Bulgur Mujaddara
Servings: 3
Mujaddara is a Levantine dish that consists of lentils, caramelized onions, and some kind of grain, usually rice. This one-skillet recipe takes less than half an hour and features fiber-rich bulgur with all the classic spices. If you’re in the mood to follow tradition, pair this with a cucumber-mint yogurt!
INGREDIENTS
2 tablespoons extra-virgin olive oil, divided
2 medium onions, chopped
½ cup chopped zucchini
1 garlic clove, minced
1 tablespoon ground black pepper
½ teaspoon ground cumin
½ teaspoon ground coriander
½ teaspoon ground turmeric
½ tablespoon crushed red pepper flakes
⅔ cup hot water
½ cup red lentils, soaked and drained
½ cup coarse bulgur
⅓ cup tomato sauce
1 teaspoon salt
½ cup mint leaves, plus more for serving
INSTRUCTIONS
1. Heat 1 tablespoon of the olive oil in a skillet over medium-high heat. Add the onions, zucchini, and garlic and cook for 3 minutes, until the onions soften.

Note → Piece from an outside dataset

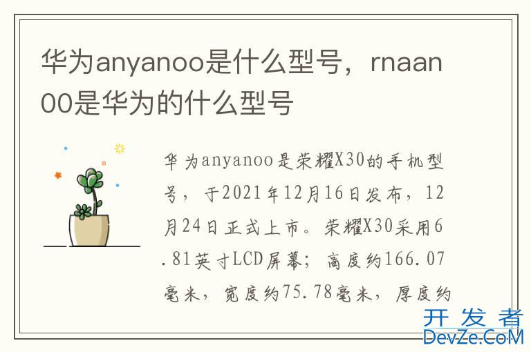 品牌型号:荣耀x30 系统:Magic UI 5.0华为anyanoo是荣耀X30的手机型号,于2021年12月16日发布,12月24日正式上市。荣耀X30采用6.81英寸LCD屏幕;高度约166.0

2. Stir in the pepper, cumin, coriander, turmeric, and red pepper flakes and cook for 1 minute, until fragrant. Stir in the water, lentils, bulgur, tomato sauce, and salt. Cover with a lid and cook for 8 minutes.
3. Stir in the mint and cook for 8 minutes more, until the bulgur is tender. Remove from the heat and stir in the remaining 1 tablespoon of olive oil. Allow to cool for 5 minutes.
4. Transfer to a serving bowl and garnish with fresh herbs, if desired.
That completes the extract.